In a further embodiment of the fog production unit for a vehicle, the disinfectant liquid is pumpable by means of a pump to a mixing means, wherein the mixing means are configured to receive the fogging medium and the disinfectant liquid and to provide the mixed liquid to the fogging nozzle. The mixing means can be implemented as a relatively simple Y- or T-shaped tubing piece, wherein a stream of fogging medium such as water is supplied and another stream of disinfectant agent is supplied, but may also be implemented with an active mixing component, for example by a rotor in a buffer container, by a cyclone in the tubing or any suitable mixer.

In a further embodiment of the fog production unit for a vehicle, the fog production unit further comprises a dosing control means for controlling the amount of disinfectant liquid in relation to the amount of fogging medium. In some applications the ratio of the mix between fogging medium (such as water) and the disinfectant liquid is important for a correct disinfection operation. In those cases the fog production unit may comprise dosing control means. Such dosing control means may comprise separate pumps for both containers, or a single pump in combination with a controlled valve to control the amount of liquid from each container.

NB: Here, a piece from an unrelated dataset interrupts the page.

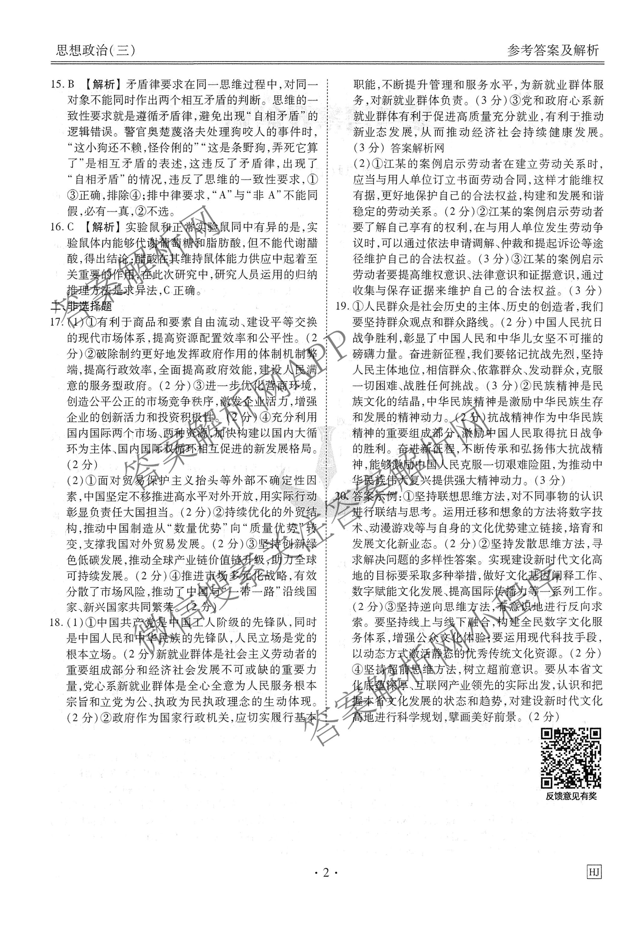 (高三)[衡水金卷先享题]·调研卷·2026年普通高中学业水平选择性考试模拟(三)3政治(HJ)答案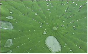 새벽안개는 그곳에서 물방울로 남아있다. 연꽃잎에 남아있는 물방울은 그곳에 붙어있지 않고 굴러다닌다. 물방물이 구를 때 소리가 난다면 아마도 ‘또르르’ 라고 할만큼 경쾌하다. 다른 나뭇잎에는 물방울이 붙어 있다. 왜 유독 연꽃잎에만 물방울이 구르는 것일까? 이런 현상을 "Lotus Leaf Effect (연꽃 잎 효과)" 라고도 불리곤 한다. 이는 연꽃잎의 구성성분이 아주 강한 소수성이기 때문이다.

In an embodiment of the fog production unit for a vehicle, it further comprises activation means to activate the fog production unit. Activation means may comprise an automated activation by means that activates the operation at certain intervals or at certain events such as after loading or unloading, but could also be triggered by environmental parameters sensed such as humidity, temperature, detection of pollution or other events. Alternatively or in addition the activation means may comprise manual activation means such as buttons, switches and the like. Alternatively or in addition the activation means may also be implemented remotely by means of communication means, such that a fleet of multiple vehicles may be activated concurrently such that a fleet of multiple vehicles can be controlled by a central controller e.g. at the transporters head quarters.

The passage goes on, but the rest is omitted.